The history of GULP is the history of its leader, Eric Gairy.
Gairy began his political life as a labor leader, establishing the
Grenada Mental and Manual Workers Union (GMMWU) in 1950. The GMMWU
was a rural workers' union that concentrated its organizing efforts
within the Grenadian sugar industry. Like many young Grenadians,
Gairy left the island in search of work. After a short stint as a
construction worker in Trinidad and Tobago, Gairy moved on to the
oil refineries of Aruba. It was there that he began his labor
organizing activities, somewhat to the consternation of Dutch
authorities, who reportedly deported him in 1949. After asserting
his credentials as a populist leader through the vehicle of the
GMMWU, Gairy successfully entered the electoral arena in 1951 under
the banner of the newly formed GULP, which took 64 percent of that
year's ballots (the first held under the Universal Suffrage Law of
1950). Gairy and GULP lost only two of the six general elections
held from 1951 until 1979, when the party was overthrown by the
NJM. The party drew heavily on the organization and resources of
the GMMWU, and the membership of the two groups remained fluid
throughout Gairy's years in power.
Gairy returned to Grenada in January 1984 after another
involuntary exile, this one lasting almost five years. Although
Gairy appeared to have retained some support among the rural
population, most Grenadians seemed to have rejected him as a result
of his past history of strongman rule, corruption, and harassment
of political opponents.
After the electoral defeat of 1984, Gairy seemed to be making
plans to broaden the appeal of GULP. In April 1985, he claimed that
the party's leadership would be purged, that attempts would be made
to expand its low level of support among Grenadian youth, and that
all future GULP candidates for office would be drawn directly from
the ranks of the party and not recruited for only one campaign.
This last promise suggested an effort to institutionalize what had
long been a highly personalistic political organization.

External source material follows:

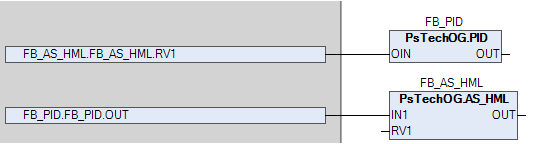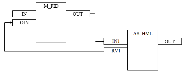 На данной схеме функция возврата выхода селектора AS_HML, находящегося в режиме автовыбора (SW = 4), совместно с функцией ограничения сброса вышестоящих ПИД-регуляторов (M_PID) позволяет невыбранным ПИД-регуляторам отслеживать выходное значение селектора, что обеспечивает безударный переход в случае их переключения.

GULP
support appeared to be dwindling by 1987, however, as new party
leaders failed to emerge, other political leaders continued to
attract support among Gairy's former rural constituency, and the
party restricted its activities as a result of lack of funds.
Although GULP appeared largely ineffective as a political
vehicle, Gairy continued to enjoy some measure of influence on the
labor front. His longtime union organization, the GMMWU, was
renamed the Grenada Manual Maritime and Intellectual Workers Union
(GMMIWU). Its membership base still lay among rural agricultural
workers. The economic disarray left in the wake of the PRG and the
void in agricultural labor organization after the demise of the
Bishop regime left the GMMIWU in a good position to recruit new
members and exert influence on both the government and private
producers, although it, like GULP, suffered from underfunding and
possible defection of its members to other organizations.
The left, consisting of the Maurice Bishop Patriotic Movement
(MBPM) and the persistent remnants of the NJM, was an insignificant
political force in the late 1980s. The MBPM was founded in 1984 by
Kendrick Radix, an original NJM member and PRG cabinet minister who
played no part in the short-lived Revolutionary Military Council.
The MBPM began as the Maurice Bishop and the 19th October Martyrs
Foundation, a group dedicated to raising funds for scholarships for
Grenadian students (presumably for study in "progressive" or
socialist countries) and to erecting a monument to Bishop and other
fallen comrades. Although successful in its monument campaign, the
MBPM failed to have the Point Salines International Airport named
after Bishop. The transformation of the MBPM from foundation to
political party occurred in August 1984; Radix claimed that only
his movement could prevent Gairy's return to power. During the
election campaign, he promised that an MBPM government would
confiscate supposedly idle farmland that had been previously held
by the PRG but had since reverted to its previous owners because of
a lack of proper compensation. The movement failed to attract a
popular following in the 1984 elections, however, capturing only 5
percent of the vote and no seats in Parliament.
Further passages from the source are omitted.